**Task prompt**
Every entry below should be copied exactly, minus the pictures.

**Data for review**
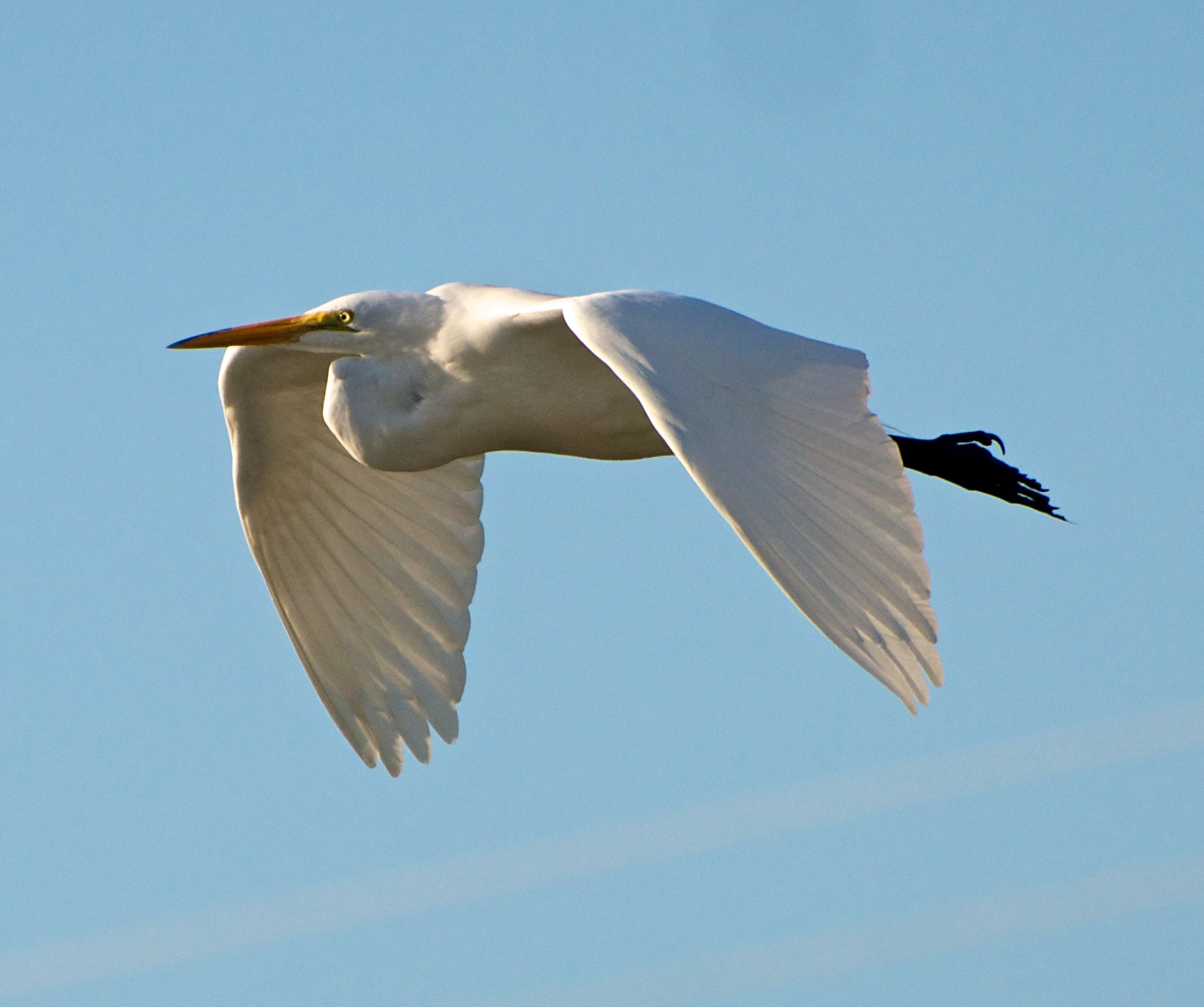 A Great Egret in flight at Palo Alto Baylands, San Francisco Bay, California, USA.
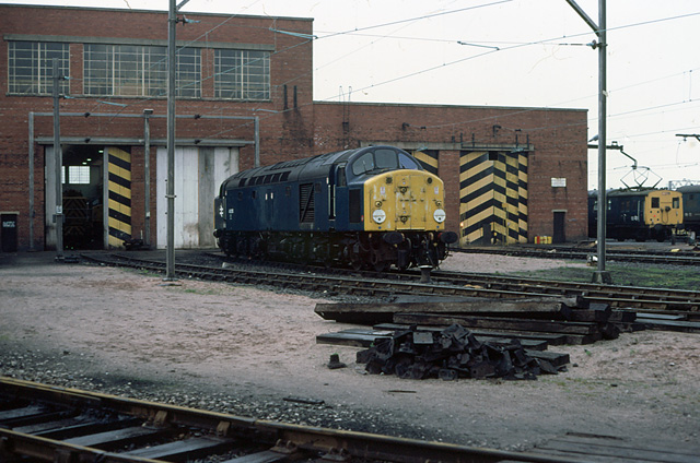 Reddish Loco Depot
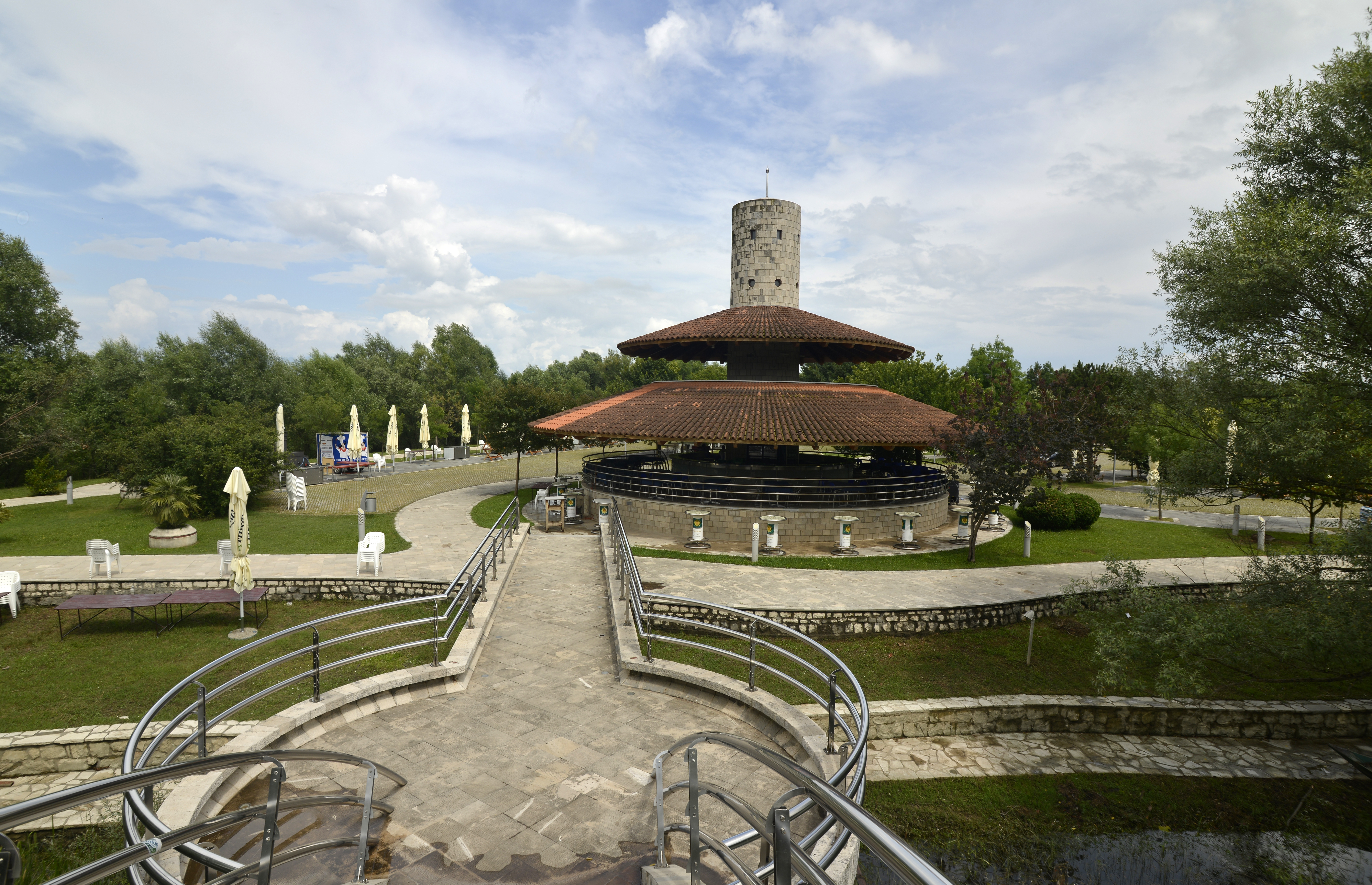 Plavnica Eco Resort, Skadar Lake National Park, Montenegro
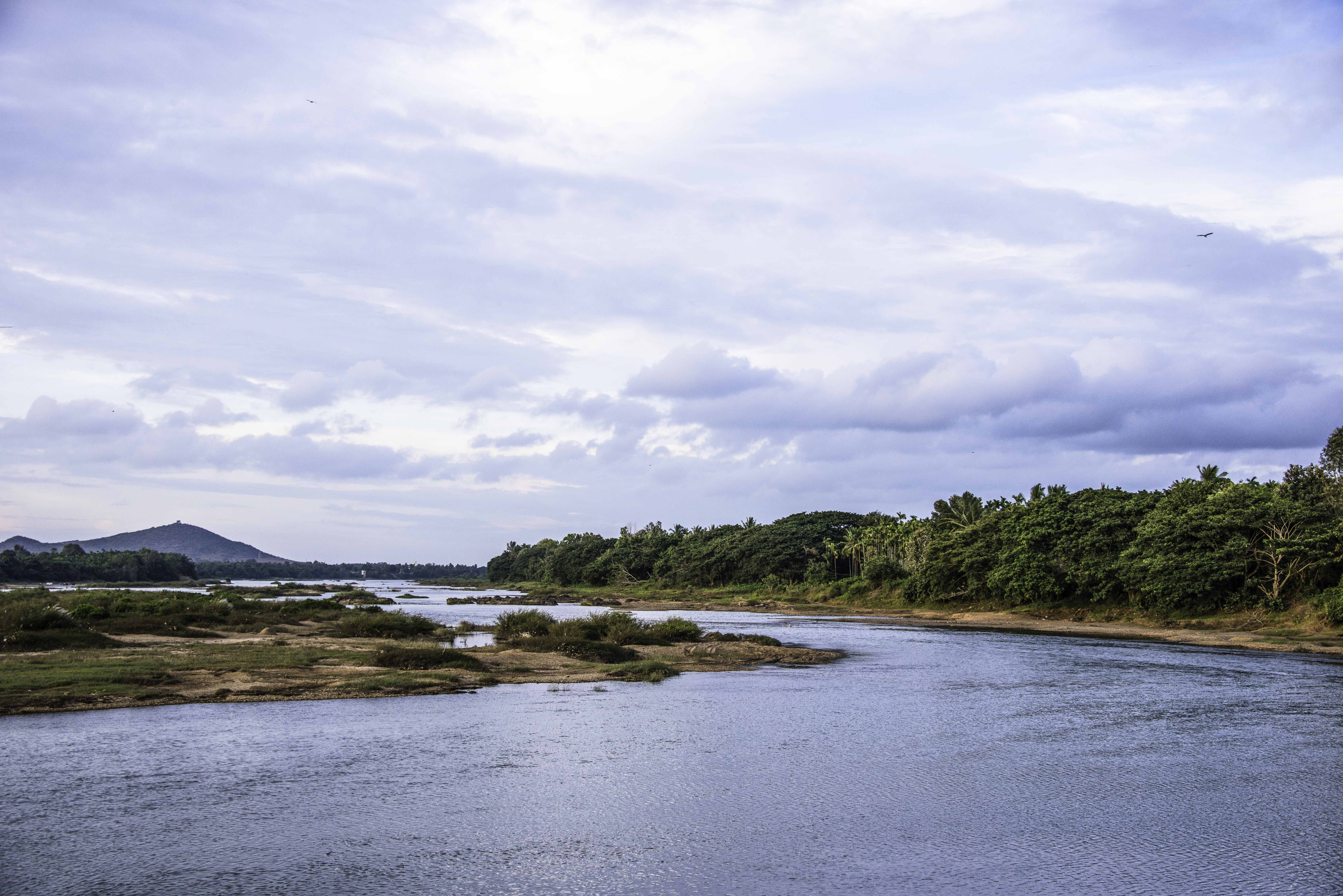 Beautiful Landscape at Kudli
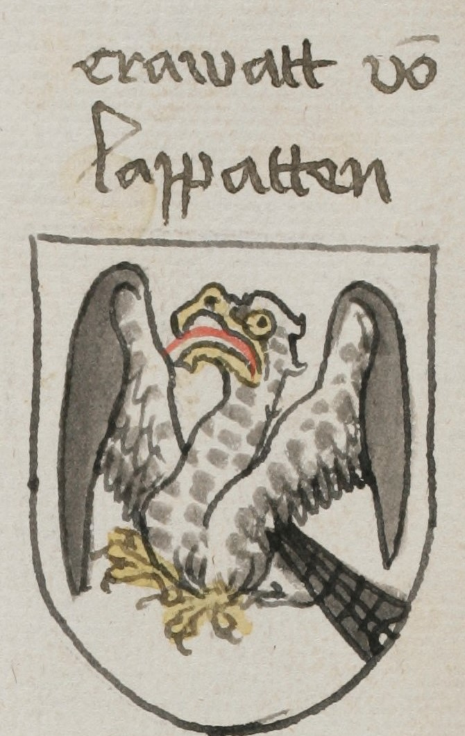 Wappenbuch des St. Galler Abtes Ulrich Rösch; Stiftsbibliothek St. Gallen, Cod. sang. 1084

**Written reply**
 A Great Egret in flight at Palo Alto Baylands, San Francisco Bay, California, USA.
 Reddish Loco Depot
 Plavnica Eco Resort, Skadar Lake National Park, Montenegro
 Beautiful Landscape at Kudli
 Wappenbuch des St. Galler Abtes Ulrich Rösch; Stiftsbibliothek St. Gallen, Cod. sang. 1084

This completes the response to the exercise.